* Exercise requirements
From the line holding "Alarme moteur, Eau" through the line holding "營養標示 (栄養成份) 每份" below, write out every line exactly; include both of those lines and drop the pictures.

* Data records
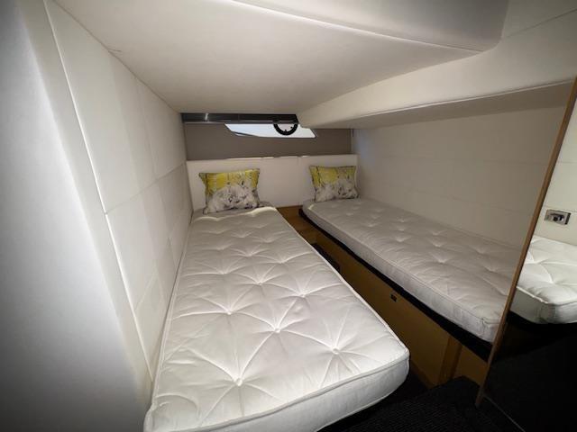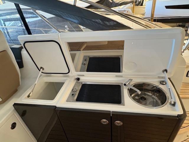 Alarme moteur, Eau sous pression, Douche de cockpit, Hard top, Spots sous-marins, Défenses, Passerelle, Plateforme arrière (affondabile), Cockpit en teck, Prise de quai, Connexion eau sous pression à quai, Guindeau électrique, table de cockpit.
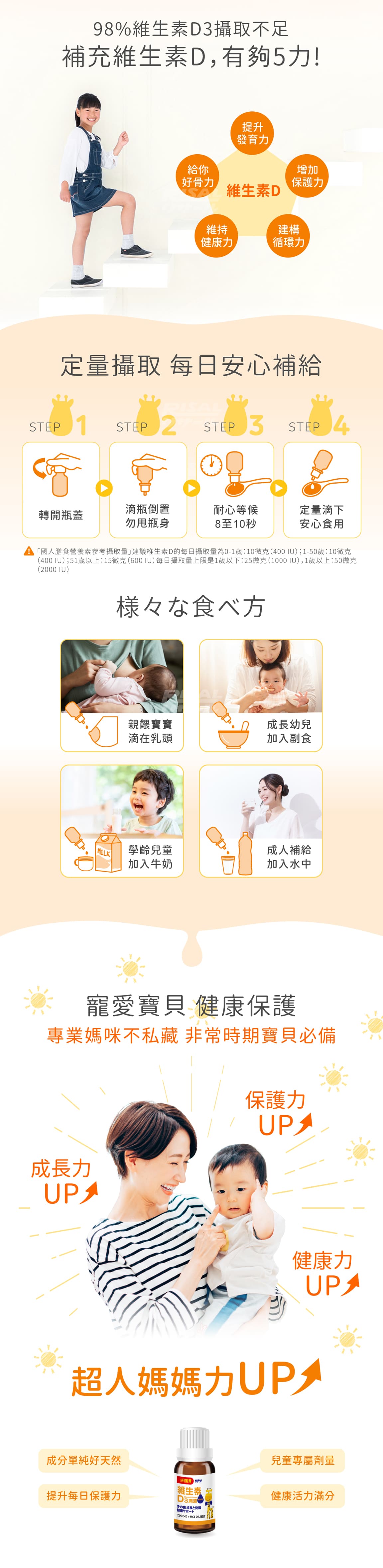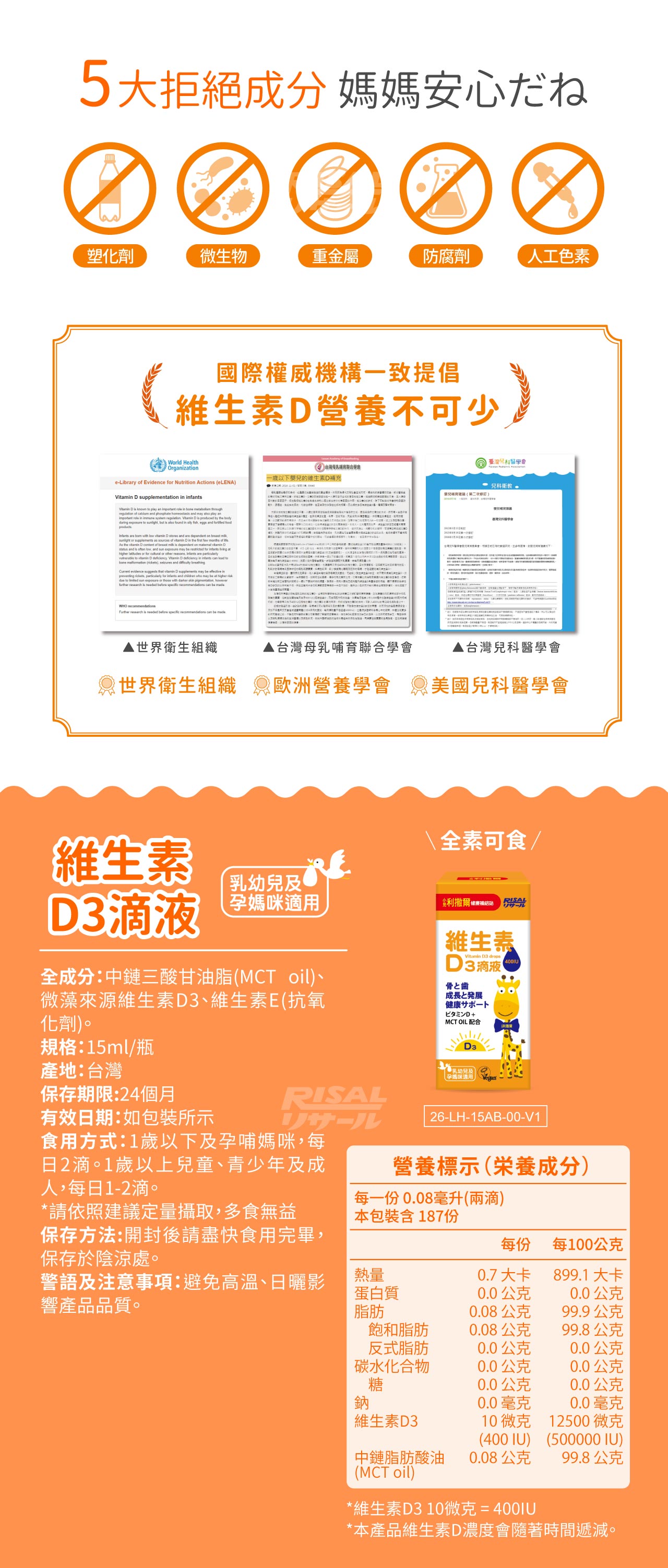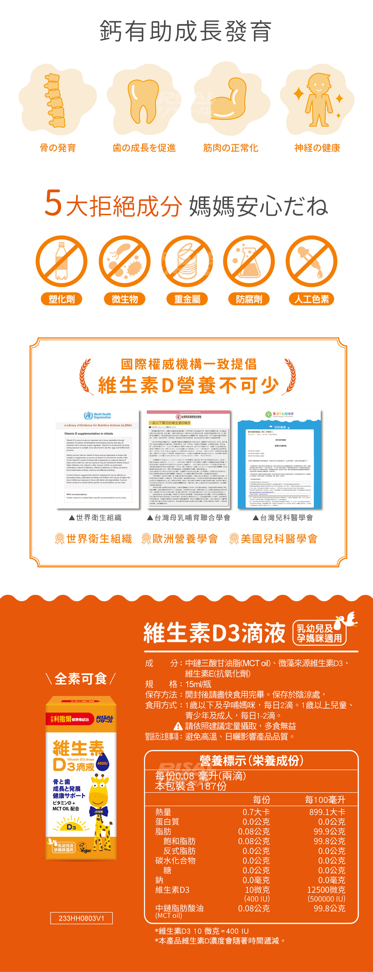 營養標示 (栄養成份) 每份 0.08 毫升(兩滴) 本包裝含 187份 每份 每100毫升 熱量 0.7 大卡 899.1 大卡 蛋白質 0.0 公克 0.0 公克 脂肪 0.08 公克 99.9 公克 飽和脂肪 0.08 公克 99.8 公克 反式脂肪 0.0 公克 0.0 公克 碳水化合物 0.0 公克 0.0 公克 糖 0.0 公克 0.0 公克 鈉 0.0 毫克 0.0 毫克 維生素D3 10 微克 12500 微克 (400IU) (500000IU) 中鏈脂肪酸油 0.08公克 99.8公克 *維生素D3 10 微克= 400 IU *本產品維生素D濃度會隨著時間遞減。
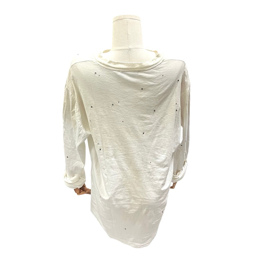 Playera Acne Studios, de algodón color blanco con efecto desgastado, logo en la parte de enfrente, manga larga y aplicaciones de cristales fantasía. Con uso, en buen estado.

==

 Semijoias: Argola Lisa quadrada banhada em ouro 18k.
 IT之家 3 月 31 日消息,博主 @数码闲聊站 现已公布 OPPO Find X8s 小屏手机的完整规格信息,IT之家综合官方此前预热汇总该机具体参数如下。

* * *

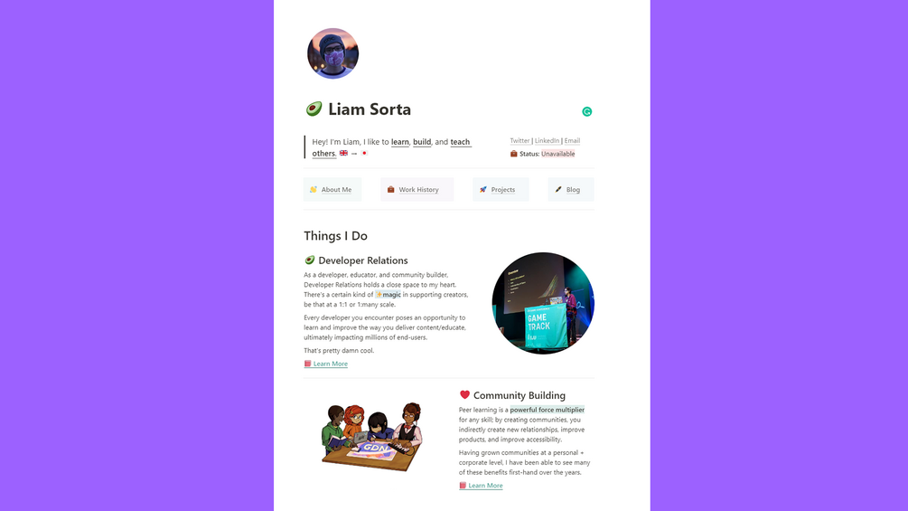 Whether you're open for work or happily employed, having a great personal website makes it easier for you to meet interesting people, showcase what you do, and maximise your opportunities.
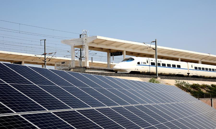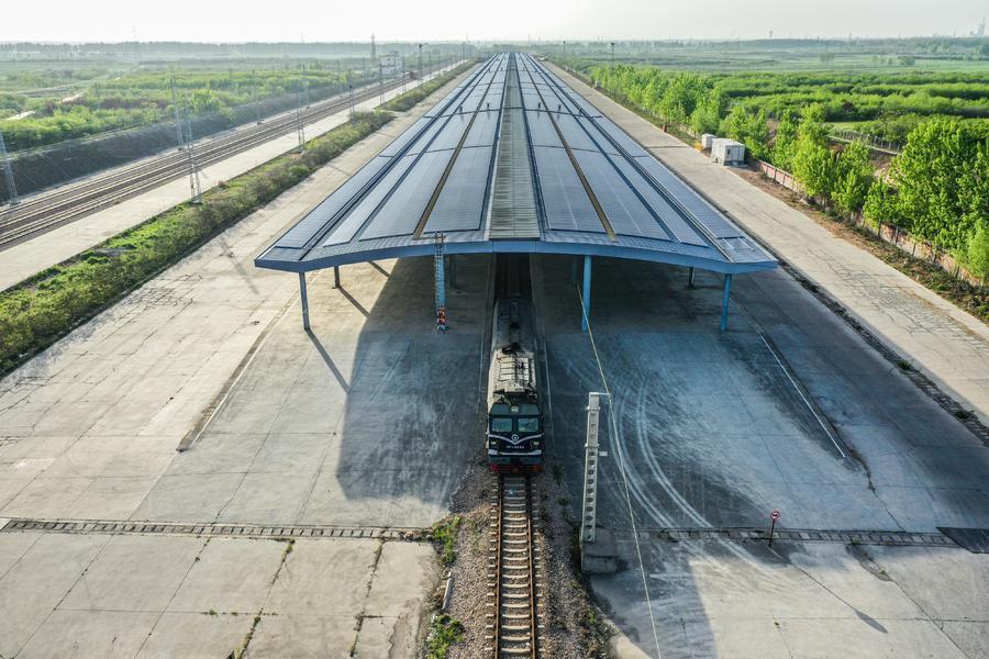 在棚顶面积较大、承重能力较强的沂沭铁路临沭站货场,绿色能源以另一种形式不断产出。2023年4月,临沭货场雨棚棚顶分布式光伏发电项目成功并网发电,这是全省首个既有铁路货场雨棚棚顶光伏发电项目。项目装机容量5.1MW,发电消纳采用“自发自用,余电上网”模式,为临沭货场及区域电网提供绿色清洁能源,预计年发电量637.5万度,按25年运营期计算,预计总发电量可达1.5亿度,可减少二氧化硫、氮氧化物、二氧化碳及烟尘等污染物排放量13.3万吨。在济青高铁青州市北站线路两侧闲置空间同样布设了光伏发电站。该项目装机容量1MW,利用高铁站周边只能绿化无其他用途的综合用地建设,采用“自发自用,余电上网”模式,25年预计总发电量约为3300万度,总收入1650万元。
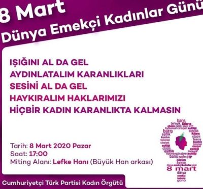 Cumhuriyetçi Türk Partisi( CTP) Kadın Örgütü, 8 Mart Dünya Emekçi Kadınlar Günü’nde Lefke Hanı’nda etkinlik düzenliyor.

* Solution to this exercise
 Alarme moteur, Eau sous pression, Douche de cockpit, Hard top, Spots sous-marins, Défenses, Passerelle, Plateforme arrière (affondabile), Cockpit en teck, Prise de quai, Connexion eau sous pression à quai, Guindeau électrique, table de cockpit.
 營養標示 (栄養成份) 每份 0.08 毫升(兩滴) 本包裝含 187份 每份 每100毫升 熱量 0.7 大卡 899.1 大卡 蛋白質 0.0 公克 0.0 公克 脂肪 0.08 公克 99.9 公克 飽和脂肪 0.08 公克 99.8 公克 反式脂肪 0.0 公克 0.0 公克 碳水化合物 0.0 公克 0.0 公克 糖 0.0 公克 0.0 公克 鈉 0.0 毫克 0.0 毫克 維生素D3 10 微克 12500 微克 (400IU) (500000IU) 中鏈脂肪酸油 0.08公克 99.8公克 *維生素D3 10 微克= 400 IU *本產品維生素D濃度會隨著時間遞減。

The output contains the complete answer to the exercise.